JuiceFS vs. 3FS
3FS (Fire-Flyer File System) is a high-performance distributed file system designed for AI training and inference workloads, open-sourced by DeepSeek. It uses NVMe SSDs and RDMA networks to provide a shared storage layer, optimized for the demanding I/O requirements of large-scale AI applications.
JuiceFS is a cloud-native distributed file system that stores data in object storage. The Community Edition, open-sourced on GitHub in 2021, integrates with multiple metadata services and supports diverse use cases. The Enterprise Edition, tailored for high-performance scenarios, is widely adopted in large-scale AI tasks, including generative AI, autonomous driving, quantitative finance, and biotechnology.
This document provides a comprehensive comparison between 3FS and JuiceFS in terms of architecture, file distribution, RPC framework, and features.
Architecture comparison
3FS
3FS employs an architecture designed for AI workloads with the following key components:
- Cluster manager: Handles node membership changes and distributes cluster configurations to other components.
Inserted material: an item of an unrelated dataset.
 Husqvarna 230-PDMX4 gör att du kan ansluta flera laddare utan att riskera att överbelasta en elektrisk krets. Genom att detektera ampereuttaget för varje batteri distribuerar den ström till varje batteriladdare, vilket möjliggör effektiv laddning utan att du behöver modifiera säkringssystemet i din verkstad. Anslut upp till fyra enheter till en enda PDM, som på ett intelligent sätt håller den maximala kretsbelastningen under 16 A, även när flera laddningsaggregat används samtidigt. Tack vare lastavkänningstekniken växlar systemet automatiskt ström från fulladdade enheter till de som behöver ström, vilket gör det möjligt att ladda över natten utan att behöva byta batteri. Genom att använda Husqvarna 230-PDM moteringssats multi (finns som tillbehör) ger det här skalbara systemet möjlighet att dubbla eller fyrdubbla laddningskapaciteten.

Multiple cluster managers are deployed with one elected as primary for high availability.
- Metadata service: Stateless services that handle file metadata operations, backed by FoundationDB—a transactional key-value database for storing metadata.
- Storage service: Manages data storage using local NVMe SSDs with CRAQ (Chain Replication with Apportioned Queries) for data consistency.
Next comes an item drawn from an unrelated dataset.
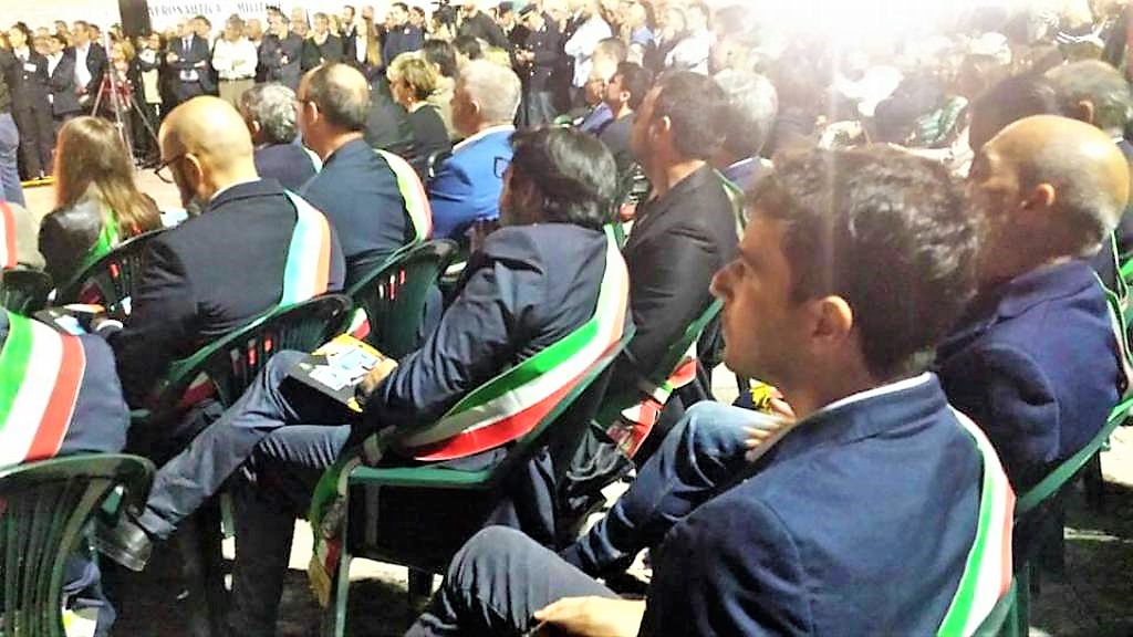 Οι επίσημοι προσκεκλημένοι στην πρώτη σειρά των καθισμάτων, ως είθισται. Από αριστερά ο Δήμαρχος του Δήμου Miggiano Michele Sperti, ο Πρόεδρος της Regione (Περιφέρεια) Puglia Michele Emiliano και στην τέταρτη θέση ο Πρόεδρος της Provincia (Επαρχία) di Lecce Stefano Minerva. Παρέστησαν ακόμα η Loredana Capone, Σύμβουλος για τον τουρισμό και την πολιτιστική βιομηχανία της περιοχής της Απουλίας, η Maria Antonietta Mancarella, Δημοτική Σύμβουλος υπεύθυνη για την διοργάνωση εκθέσεων, ο Angelo Mancarella, Δημοτικός Σύμβουλος υπεύθυνος για θέματα Πολιτισμού και πολλοί ακόμα εκπρόσωποι τοπικών φορεών και συλλογικοτήτων.

- Clients: Provides both FUSE client for POSIX compatibility and native client API for high-performance zero-copy operations.
All components communicate via RDMA for networking. Cluster configurations are stored in reliable distributed services like ZooKeeper or etcd.
JuiceFS
JuiceFS uses a modular, cloud-native architecture that comprises three core components:
- Metadata engine: Stores file metadata, including standard file system metadata and file data indexes. The Community Edition supports various databases including Redis, TiKV, MySQL, PostgreSQL, and FoundationDB. The Enterprise Edition uses a self-developed distributed metadata service.
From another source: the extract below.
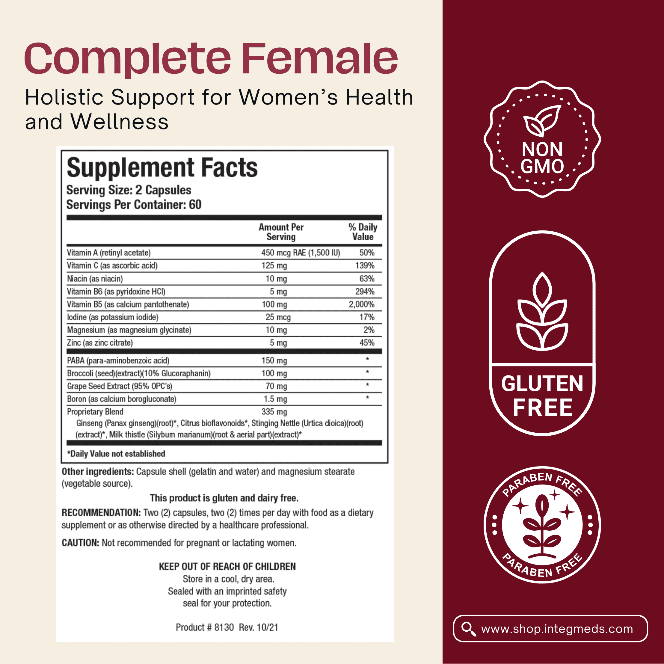 ইন্টিমেডস দ্বারা সম্পূর্ণ মহিলা হ'ল স্বাস্থ্যকর মহিলা অন্তঃস্রাব ফাংশনের জন্য প্রয়োজনীয় পুষ্টি সরবরাহ করার জন্য ডিজাইন করা একটি সাবধানে তৈরি পরিপূরক। ভিটামিন, খনিজ, বোটানিকাল এবং অঙ্গ / গ্রন্থি সহায়তার একটি অনন্য মিশ্রণ সহ, এই সূত্রটি সুষম হরমোনের মাত্রা এবং সামগ্রিক সুস্থতা সন্ধানকারী মহিলাদের জন্য আদর্শ।

- Data storage: Generally an object storage service, which can be public cloud object storage or on-premises deployed object storage service. Supports integration with various storage backends.
- JuiceFS client: Provides different access methods such as POSIX (FUSE), Hadoop SDK, CSI Driver, and S3 Gateway.
Architectural differences
Storage module
3FS employs local NVMe SSDs for data storage and utilizes the CRAQ (Chain Replication with Apportioned Queries) algorithm to ensure data consistency. Replicas are organized into a chain where write requests start from the head and propagate sequentially to the tail. A write operation is confirmed only after reaching the tail. For read requests, any replica in the chain can be queried.
While this design introduces higher write latency due to sequential propagation, it prioritizes read performance, which is crucial for read-intensive AI workloads.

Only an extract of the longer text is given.